Next, let’s extract some data about each restaurant, and then plot all of them on a map. This time, we’ll use a plotly ScatterMapBox, which uses tiles from MapBox. You can refer to plotly’s documentation here. Each POI on that map has a tooltip that shows the restaurant’s name when hovered.

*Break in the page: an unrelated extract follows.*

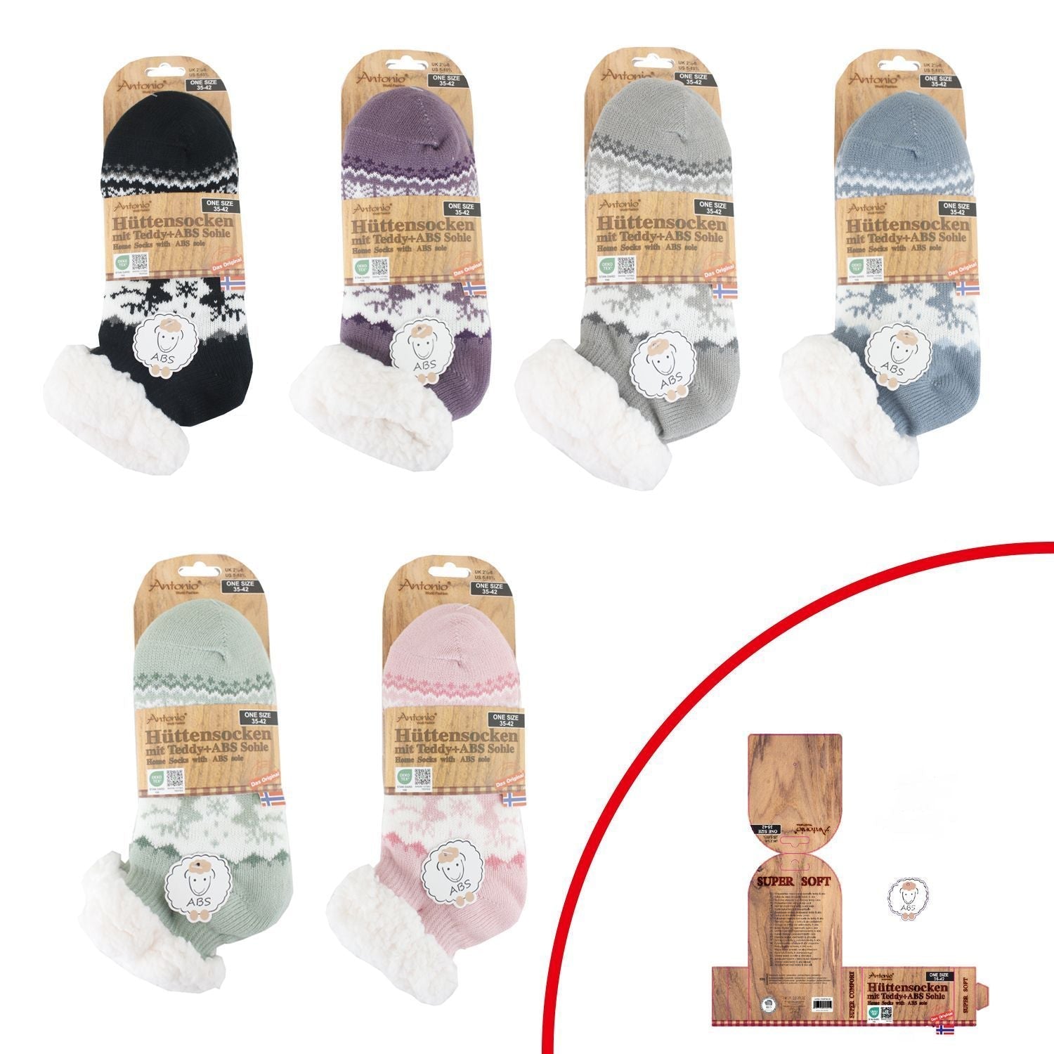 Hüttensocken für Damen » Kuschelsocken » Socken mit Teddy und ABS Sohle » 3/4 Länge | Wintersocken in Einheitsgröße 35-42

import plotly.graph_objects as obj

# Extract the lon, lat and name of each restaurant:
coords = []
text = []
for elem in restaurants['features']:
    latlon = elem['geometry']['coordinates']
    if latlon == []: continue
    coords.append(latlon)
    if 'name'  not in elem['properties']:
        text.append('NONAME')
    else:
        text.append(elem['properties']['name'])
# Convert into a dictionary for plotly
restaurant_dict = dict(type='scattermapbox',
                   lat=[x[1] for x in coords], 
                   lon=[x[0] for x in coords],
                   mode='markers',
                   text=text,
                   marker=dict(size=8, color='blue'),
                   hoverinfo='text',    
                   showlegend=False)


# plotting restaurants' locations around University of Toronto

center=(43.662643, -79.395689) # UofT main building

fig = obj.Figure(obj.Scattermapbox(restaurant_dict))

# defining plot layout
fig.update_layout(mapbox_style="stamen-terrain")
fig.update_layout(margin={"r":0,"t":0,"l":0,"b":0}, mapbox = {'center': {'lat': center[0], 'lon': center[1]}, 'zoom': 13})
fig.show()